Focus anche sul New York Manufacturing Index, ovvero l’indice che misura le condizioni dell’attività manifatturiera dell’area di New York, in contrazione per il quarto mese consecutivo. E’ vero che il dato è migliorato rispetto a ottobre, ma è altrettanto vero che il sottoindice dell’occupazione si è di nuovo indebolito. Il 21% delle aziende manifatturiere attive nell’area di New York ha riportato poi perdite legate al passaggio dell’uragano Sandy.

Comunicato inoltre l’indice dei prezzi al consumo, fondamentale termometro delle pressioni inflazionistiche, la cui componente core, a ottobre, è salita +0,2%, più delle attese. Su base annua, il valore complessivo dell’indice ha fatto +2,2%.

Ad alimentare la cautela, dal fronte aziendale, conti del terzo trimestre del colosso Wal-Mart, il gigante della grande distribuzione americana, che ha battuto solo di poco le stime del mercato (utili a 1,08 dollari per azione su vendite a 113,2 miliardi di dollari). Titolo -3% circa.

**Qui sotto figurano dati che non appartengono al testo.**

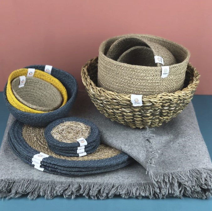 Since its launch in 2015 with recycled wool, the brand has developed its range to include beautiful bowls, baskets and tablewear produced from seagrass and jute. Its latest collection of beautiful baskets are hand woven with recyled saris.
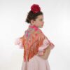 Además, si te encanta ir a conjunto con tu hija, este mantoncillo se puede comparar con el de mamá, creando un look flamenco coordinado y lleno de estilo. Su diseño incluye fleco de borlón corto, con un nudo sencillo, que está muy en tendencia este año en pasarelas como SIMOF y We Love Flamenco. Este tipo de fleco es elegante, moderno y le da un toque único al mantoncillo, haciendo que tu niña luzca espectacular.

Tra le singole storie di giornata, in denaro Texas Instruments, dopo che il maggiore fabbricante di chip analogici ha annunciato un piano di riduzione dei costi e tagli al personale.

Balzo a due cifre per i titoli di NetApp, dopo che il secondo trimestre si è chiuso con utili superiori a quelli stimati dagli analisti. Il titolo in crescita +12%.

“Siamo gia’ un po’ ipervenduti sul breve termine e il morale degli investitori e’ stato messo a dura prova”, dice a Bloomberg Stewart Richardson, chief investment officer at RMG Wealth Management, aggiungendo: “A meno che non dovessimo riscontrare un miglioramento sul fronte del dibattito politico sul fiscal cliff, che peraltro e’ gia’ – in parte – scontato nei mercati”.

Sugli altri mercati, in ambito valutario, l’euro +0,29% a quota $1,2771; dollaro/yen +1,23% a JPY 81,23, euro/yen +1,53% a JPY 103,74.

Riguardo alle materie prime, i commodities, i futures sul petrolio +0,45% a $86,71 al barile, mentre le quotazioni dell’oro -0,45% a $1,722,40. Quanto ai Treasuries, il rendimento sul titolo decennale Usa recupera tornando sopra la soglia dell’1,6%, ovvero all’1,608%.